# [Work instructions]
Beginning at the line that contains "对于这部分收入下降,浙江医药", reproduce the entries below exactly, ending with the line that contains "必要PT | 備考 |". Omit each picture.

# [Input material]

=== Section Start ===

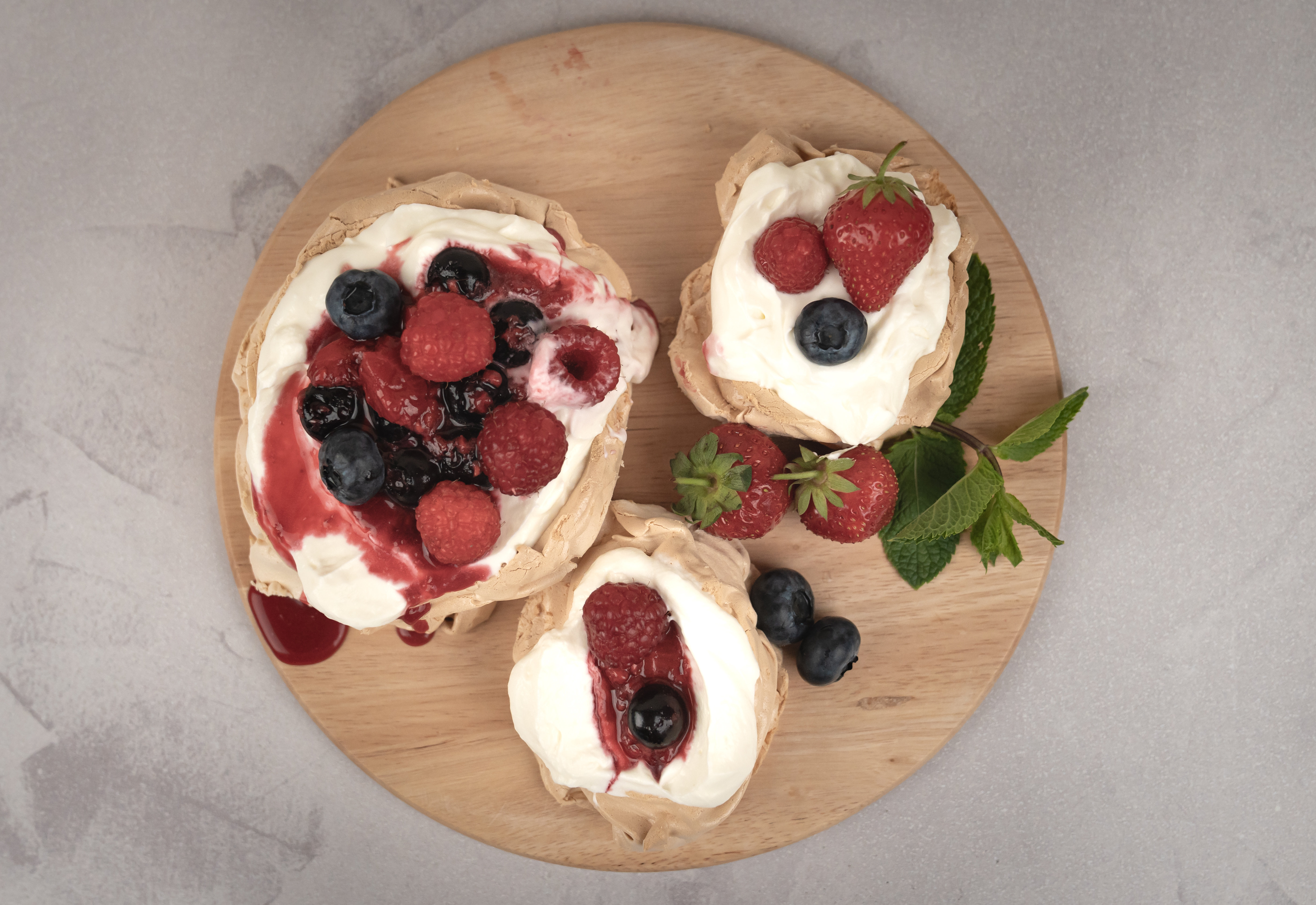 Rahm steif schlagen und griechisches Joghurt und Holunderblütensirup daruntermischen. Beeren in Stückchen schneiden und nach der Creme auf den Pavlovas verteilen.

=== Section End ===
=== Section Start ===

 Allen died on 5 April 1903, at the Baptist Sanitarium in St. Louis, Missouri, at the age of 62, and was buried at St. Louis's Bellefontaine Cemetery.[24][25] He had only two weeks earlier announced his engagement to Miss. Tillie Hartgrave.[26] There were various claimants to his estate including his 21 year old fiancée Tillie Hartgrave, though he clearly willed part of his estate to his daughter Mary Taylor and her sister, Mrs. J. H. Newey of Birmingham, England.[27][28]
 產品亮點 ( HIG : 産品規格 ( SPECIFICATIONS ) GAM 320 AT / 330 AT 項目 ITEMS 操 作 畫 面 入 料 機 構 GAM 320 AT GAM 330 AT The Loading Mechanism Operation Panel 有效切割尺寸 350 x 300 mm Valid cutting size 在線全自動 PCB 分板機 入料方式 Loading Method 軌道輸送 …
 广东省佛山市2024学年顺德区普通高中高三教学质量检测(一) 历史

=== Section End ===
=== Section Start ===

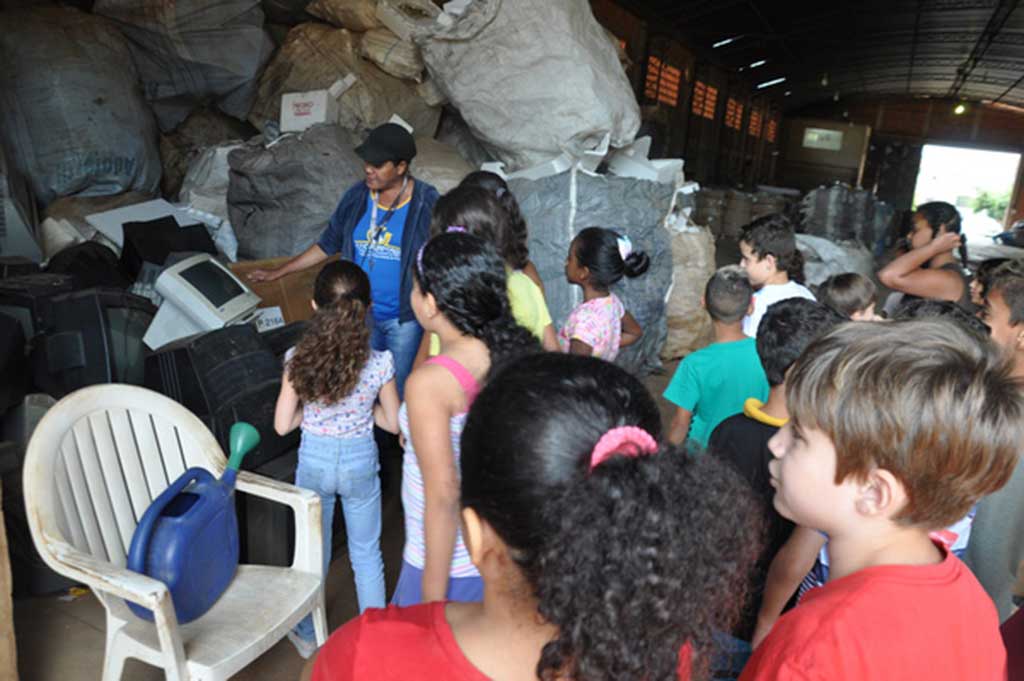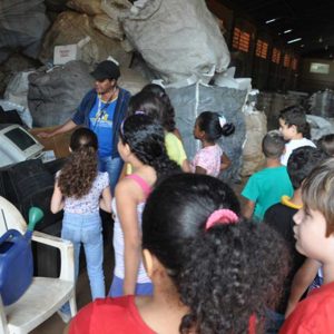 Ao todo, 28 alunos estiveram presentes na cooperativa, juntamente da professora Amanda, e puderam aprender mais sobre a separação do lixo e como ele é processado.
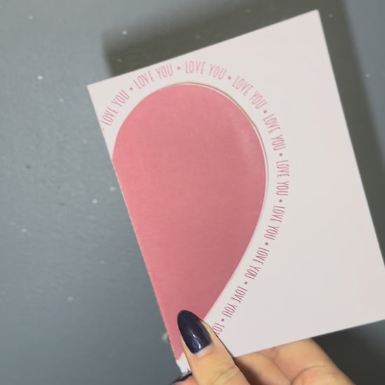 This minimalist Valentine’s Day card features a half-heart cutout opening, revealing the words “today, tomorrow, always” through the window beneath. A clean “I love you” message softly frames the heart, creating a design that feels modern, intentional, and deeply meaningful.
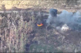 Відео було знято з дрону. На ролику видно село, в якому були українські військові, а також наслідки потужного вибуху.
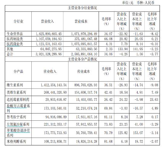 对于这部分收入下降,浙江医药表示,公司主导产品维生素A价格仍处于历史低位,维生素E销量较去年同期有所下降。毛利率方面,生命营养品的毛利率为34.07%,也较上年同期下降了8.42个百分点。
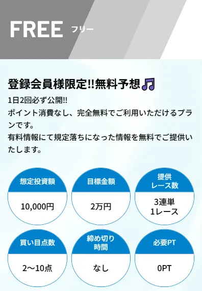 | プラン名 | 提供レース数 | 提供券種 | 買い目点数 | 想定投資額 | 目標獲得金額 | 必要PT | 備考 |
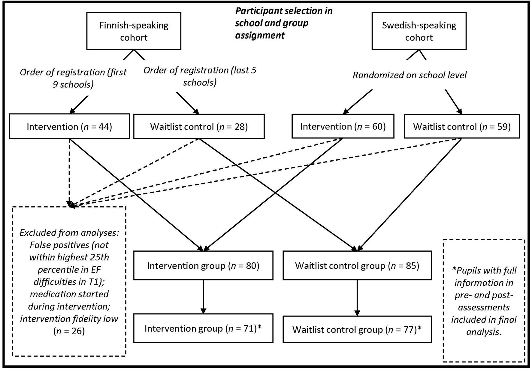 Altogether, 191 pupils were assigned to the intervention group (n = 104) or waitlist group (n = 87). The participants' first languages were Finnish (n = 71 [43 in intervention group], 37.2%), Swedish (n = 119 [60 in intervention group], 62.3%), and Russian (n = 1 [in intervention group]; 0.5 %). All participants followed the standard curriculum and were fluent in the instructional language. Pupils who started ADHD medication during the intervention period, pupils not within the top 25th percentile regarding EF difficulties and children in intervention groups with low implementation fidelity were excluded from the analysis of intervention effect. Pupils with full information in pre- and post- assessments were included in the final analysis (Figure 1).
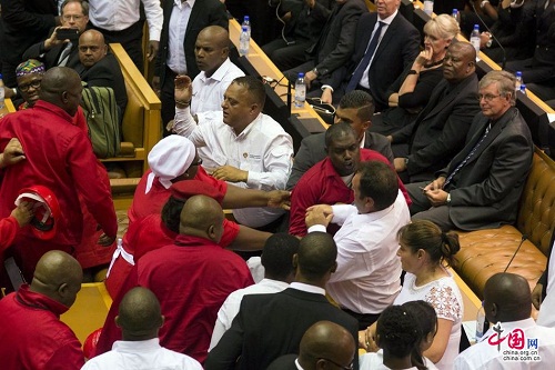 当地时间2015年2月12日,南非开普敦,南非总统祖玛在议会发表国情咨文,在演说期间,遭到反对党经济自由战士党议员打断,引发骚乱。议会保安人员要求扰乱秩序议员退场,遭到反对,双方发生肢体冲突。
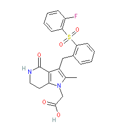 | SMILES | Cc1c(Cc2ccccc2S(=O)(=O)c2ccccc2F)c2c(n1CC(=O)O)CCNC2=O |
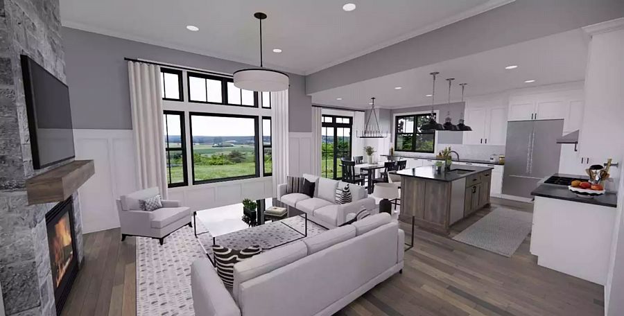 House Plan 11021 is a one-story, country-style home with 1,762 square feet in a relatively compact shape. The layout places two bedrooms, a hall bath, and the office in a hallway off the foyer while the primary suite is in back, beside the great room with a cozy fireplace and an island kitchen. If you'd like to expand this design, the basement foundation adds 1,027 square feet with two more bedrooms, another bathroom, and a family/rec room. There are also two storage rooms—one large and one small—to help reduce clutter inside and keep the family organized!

=== Section End ===

# [Answer to this exercise]
 对于这部分收入下降,浙江医药表示,公司主导产品维生素A价格仍处于历史低位,维生素E销量较去年同期有所下降。毛利率方面,生命营养品的毛利率为34.07%,也较上年同期下降了8.42个百分点。
 | プラン名 | 提供レース数 | 提供券種 | 買い目点数 | 想定投資額 | 目標獲得金額 | 必要PT | 備考 |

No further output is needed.